Actionability in Network Operations: What does it mean for me?

The use of artificial intelligence and machine learning technologies only makes sense for a company if they profoundly transform the operational experience by improving the company’s KPI performance.

It is therefore important to analyze how a network anomaly found automatically by machine learning impacts operational workflows.

A Network Anomaly (read What is an Operationally Relevant Network Anomaly?) is actionable and compact information resulting from machine learning over very large data sets comprising billions or more data points.

This piece of information has two main operational dimensions:

Actionability Mode
Actionability Insight

Actionability Mode describes how the Network Anomaly impacts network operations.

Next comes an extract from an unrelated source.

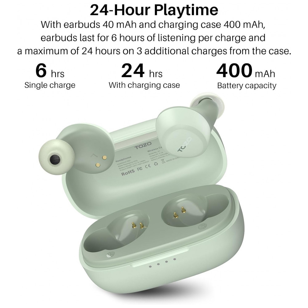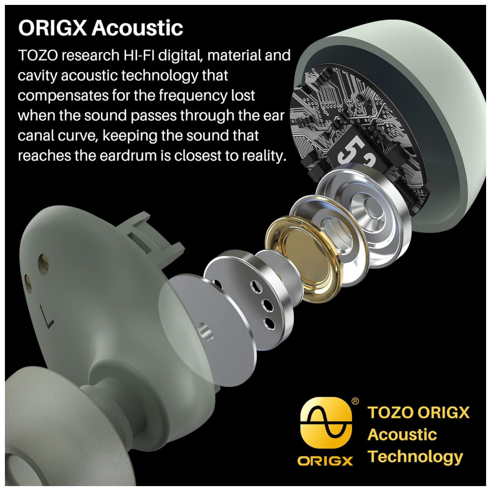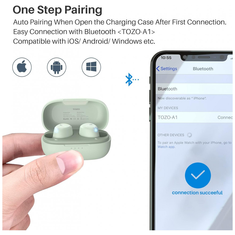 Qualidade de som estéreo O alto falante de de diâmetro dos fones de ouvido TOZO A1 apresenta uma faixa de som poderosa e ampla, o que torna os agudos cheios de dinâmica e os graves poderosos. Adote o chip Bluetooth avançado torna o som reproduzido pelos fones de ouvido muito mais bonito e agradável, adequado para esportes ou trabalho em casa.

Today the network industry is essentially reactive, where alarms alert operations after applications and end-users have started to be impacted by a failure. Therefore, the alarms typically show up after or at the same time as customer complaints. Further these alarms are often very noisy and mask the actual issue. Such mode is unfortunately quite common in the network industry today.

We will use two common modes used by other industries to describe the Actionability Mode of a Network Anomaly. However, we are going to define them in the context of a Network Anomaly:

Proactive: the found anomaly is a high fidelity signal that alerts on a network issue or brownout that affects network performance and requires operational attention. It could be otherwise hard to detect issues uncovered by the Network Anomaly, especially when the overall network service is still up and running but there is a grey failure that is beginning to impact the service An example is an abnormal rate of route flapping in a gateway router.
Predictive: the found anomaly alerts on a misbehavior of one or various components in the network that require operational attention to avoid an expected failure predicted by the anomaly. Such expectation can either be expressed in a binary form (it will happen anytime soon), or it can be expressed as a probability score associated with a timeline, e.g., 70% likely to happen within 2 days. As an example, detecting a subtle abnormal power attenuation (dBm) of an interface lane laser will precede a future outage of that optical component.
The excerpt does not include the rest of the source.